[[ Recorded information, beginning ]]

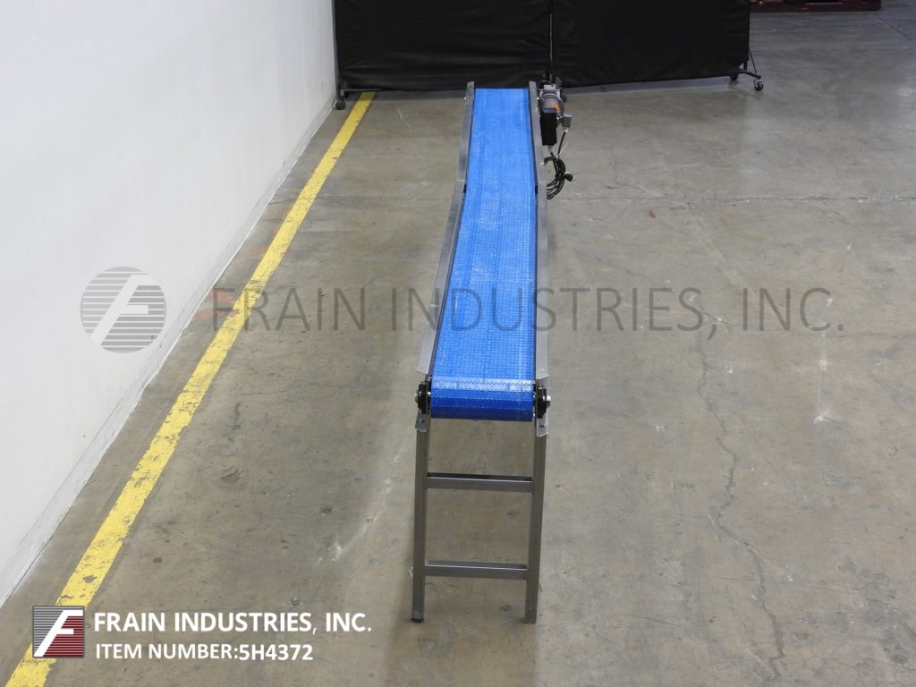 Back to All EquipmentStainless steel, table top conveyor. Equipped with a 12" wide x 188" long Intralox belt powered by a ½ Hp drive, on/off switch, VFD and mounted on (6) leveling legs with an infeed / discharge range of 34" to 38".
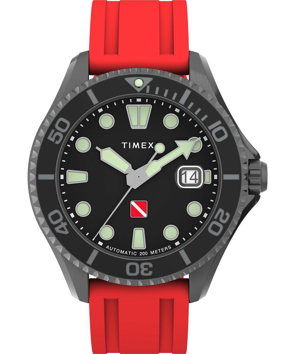 Timex メンズ Deep Water 44mm 腕時計 レッドストラップ ブラックダイアル ガンメタルケース
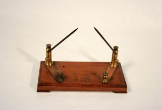 Description : l’appareil est composé de deux tiges de laiton effilées à l’une de leurs extrémités et reliées chacunes à une borne. On peut faire varier la distance entre leurs extrémités aigues.
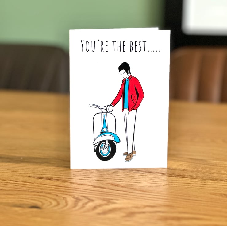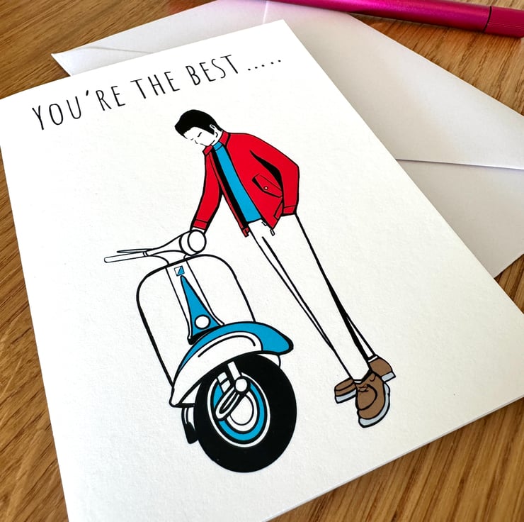 The scooter in this design is based on my own beautiful 1962 Vespa GS160 Mk 1. I have own and ridden vintage vespas for as long as I can remember and they often feature in my illustrations.
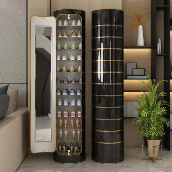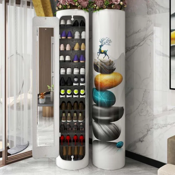 Diameternya hanya 15.7 inci. Rak kasut ini mempunyai storan berbilang lapisan, kapasiti besar, ruang kecil, putaran 360 darjah, rak boleh laras, kukuh dan tahan lama, sedutan pintu yang kuat, kabinet kasut kreatif, dengan cermin definisi tinggi di dalamnya.
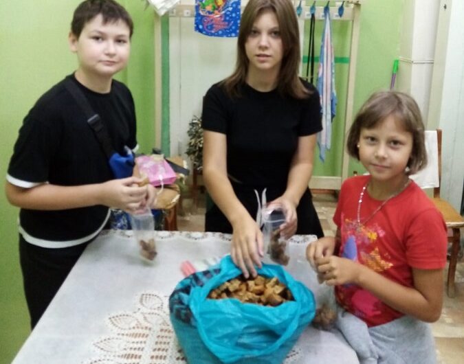 Мария и Надежда пришли в клуб, да так в нем и остались. Внук Марии Дмитриевны – Никита, ученик пятого класса тоже стал активным волонтером. Летом он регулярно посещал клуб АНО «Братишка»: резал ленты для маскировочных сетей, расфасовывал с друзьями сухарики. Сейчас решил на каникулах вновь помогать бабушке и ее подругам.
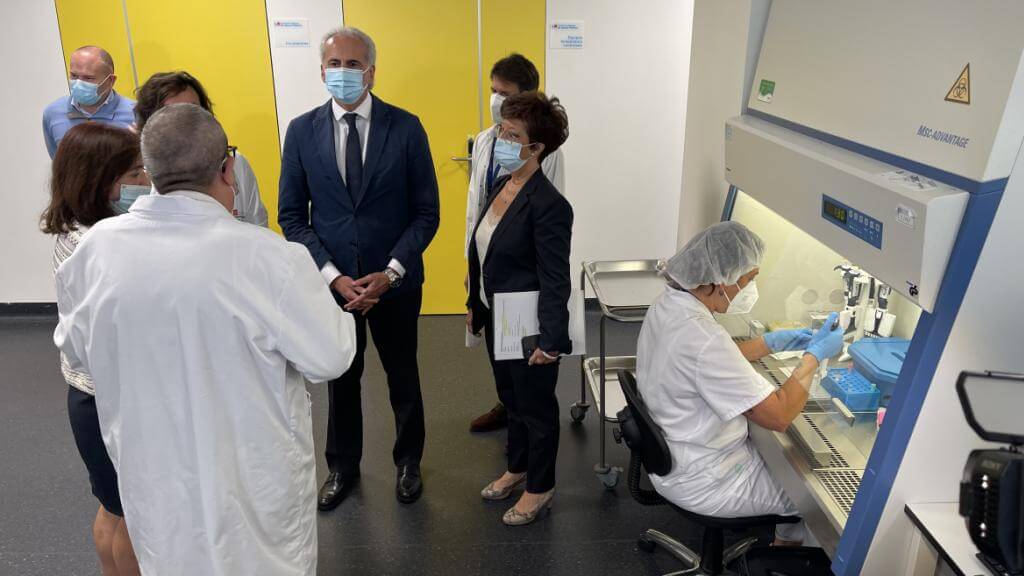Ruiz Escudero ha visitado el Laboratorio Regional de Salud Pública, ubicado en el Hospital Enfermera Isabel Zendal, donde se han procesado las muestras clínicas, acompañado por la directora general de Salud Pública, Elena Andradas y el gerente del centro hospitalario, Javier Marco.

[[ Recorded information, end ]]

● **Prompt**
Set down the records above exactly as written, beginning with the first line and ending with the line that contains "Diameternya hanya 15.7", and do not include pictures.

● **Response**
 Back to All EquipmentStainless steel, table top conveyor. Equipped with a 12" wide x 188" long Intralox belt powered by a ½ Hp drive, on/off switch, VFD and mounted on (6) leveling legs with an infeed / discharge range of 34" to 38".
 Timex メンズ Deep Water 44mm 腕時計 レッドストラップ ブラックダイアル ガンメタルケース
 Description : l’appareil est composé de deux tiges de laiton effilées à l’une de leurs extrémités et reliées chacunes à une borne. On peut faire varier la distance entre leurs extrémités aigues.
 The scooter in this design is based on my own beautiful 1962 Vespa GS160 Mk 1. I have own and ridden vintage vespas for as long as I can remember and they often feature in my illustrations.
 Diameternya hanya 15.7 inci. Rak kasut ini mempunyai storan berbilang lapisan, kapasiti besar, ruang kecil, putaran 360 darjah, rak boleh laras, kukuh dan tahan lama, sedutan pintu yang kuat, kabinet kasut kreatif, dengan cermin definisi tinggi di dalamnya.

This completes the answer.